Take a quick look at the characteristics and beneficiation methods of graphite!

Graphite is a black lustrous mineral formed in a range of metamorphic and hydrothermal environments. Natural graphite can be divided into crystalline graphite (flake graphite) and cryptocrystalline graphite (earth graphite) according to the crystal form.

The characteristic of crystalline graphite minerals is that the grade is not high, and the stable carbon content generally does not exceed 10%, and some special accumulation areas reach more than 20%, but this kind of graphite minerals are easy to grind, and the grade of flotation titanium concentrate is more than 85%, which is the most common in nature. One of the minerals with very good flotation properties. The price of conductive graphite materials, aphanitic graphite is higher, and the stable carbon content is generally 60-80%, up to 95%.

Graphite is an allotrope of carbon and is a transitional crystal composed of carbon atoms. In graphite crystals, carbon atoms in the same layer form covalent bonds in the form of SP hybridization, and six carbon atoms form a hexagonal ring and extend to form a layered structure. Delocalized π-bond electrons formed by overlapping the remaining p orbitals of carbon atoms in the same plane Can move freely in the crystal lattice. This is why graphite has excellent electrical conductivity.

The graphitic structural layers are connected by van der Waals force with an interlayer spacing of 0.3354 nm. It is the layered structure and chemical bond type that determine its unique physical and chemical properties, making it a strategic mineral resource with a wide range of uses.

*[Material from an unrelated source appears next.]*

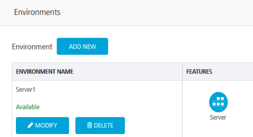 Click SAVE to apply the environment capabilities. The environment is created in the Environments page.

It is not only the basic mineral raw material necessary for traditional industries and strategic emerging industries, but also an important strategic resource to support the development of high-tech. Graphite is therefore an important raw material for industrial applications, especially in energy storage.

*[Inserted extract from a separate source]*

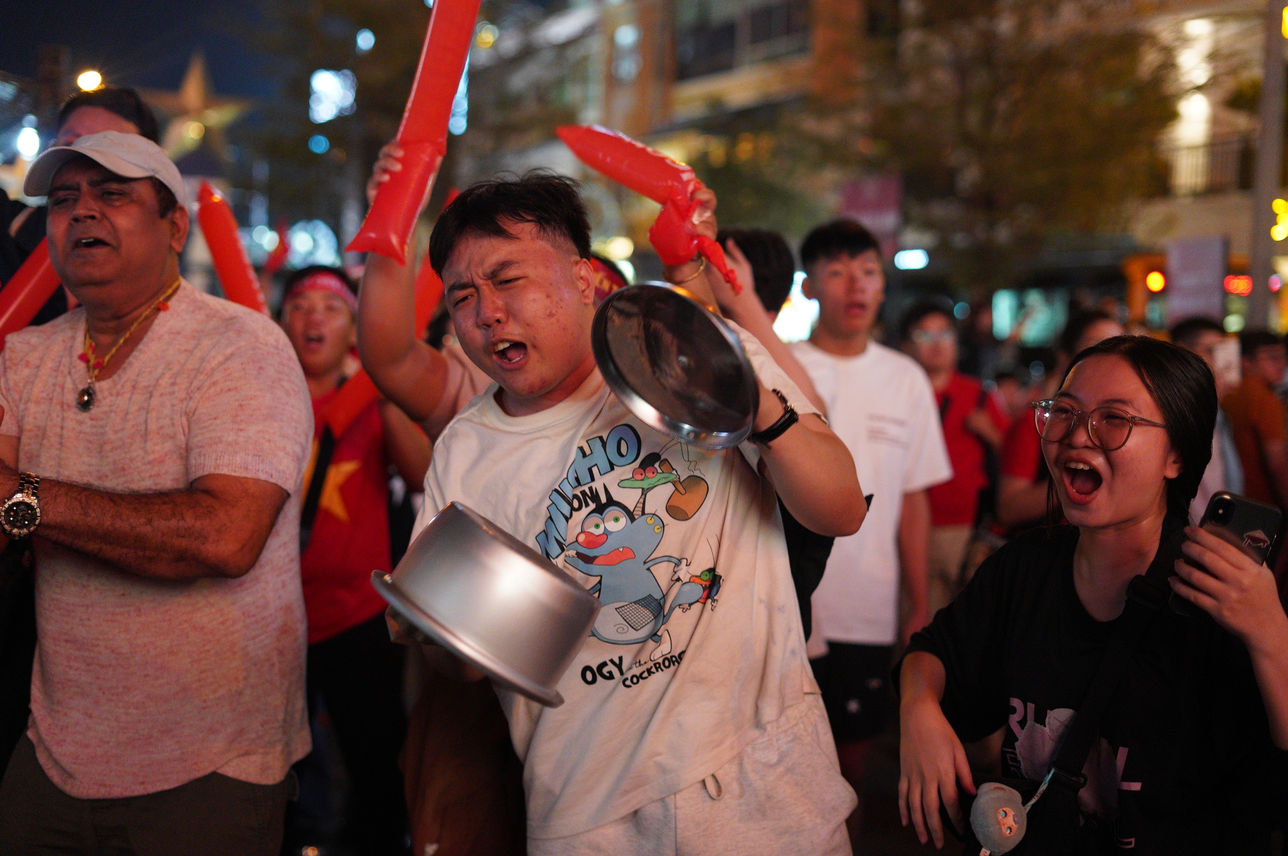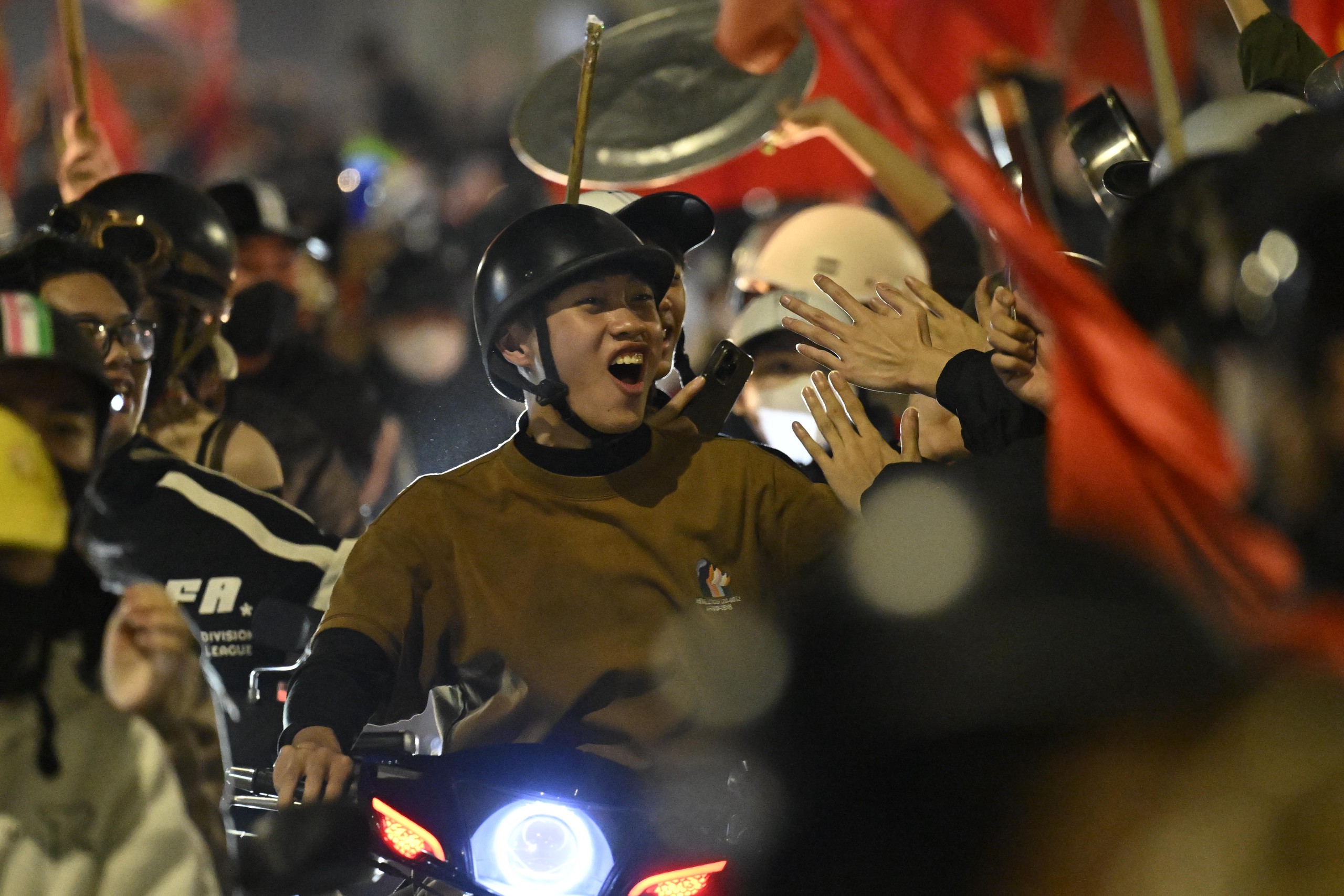 Tiếng trống, còi và tiếng hô vang "Việt Nam vô địch" hòa cùng ánh đèn đường, tạo nên khung cảnh ăn mừng đầy sôi động giữa đêm khuya.

Graphite resources are widely used in defense industry, chemical industry, machinery and many other fields due to their excellent high temperature resistance, good electrical, lubricating and chemical stability. These fields require graphite with a purity higher than or equal to 99%. However, pure graphite does not exist in nature. Natural graphite minerals often contain impurities such as SiO 2 , Al 2 O 3 , Fe 2 O 3 , CaO and P 2 O 5 . These impurities are usually in the form of minerals such as quartz, mica, pyrite and carbonates. These result in lower purity grades that cannot be used directly. Therefore, with the increasing demand for high-purity natural graphite, it is of great significance to find an energy-saving, environmentally friendly, and high-speed purification technology that uses natural graphite as raw material to produce high-purity graphite.

At present, many technologies have been developed and applied to remove impurities in natural graphite. Commonly used methods include flotation, alkali-acid method, hydrofluoric acid method, chloride roasting method, and high-temperature purification method. Due to the non-polar surface of natural graphite, flotation is often used as the first step in removing impurities from natural graphite in many methods. Natural graphite does not easily attach to water dipoles and therefore has a natural buoyancy. Therefore, natural graphite can be physically purified by utilizing the difference in surface properties between graphite and impurities. However, fine silicate mineral particles and impurities such as K, Ca, Mg, Al, Fe, S compounds dispersed in natural graphite still remain in the concentrate after flotation. Therefore, it is necessary to further improve the purity of natural graphite by means of chemical or high-temperature purification. High purity graphite higher than 99% can be obtained by hydrofluoric acid method and chloride roasting method.

Natural graphite can be obtained with high purity by high temperature method, which can reach 99.99%. But the required temperature is higher than 2700℃. The alkali-acid method has become a promising purification method for the production of high-purity graphite due to its simple experimental equipment, operation process and ideal graphite purity.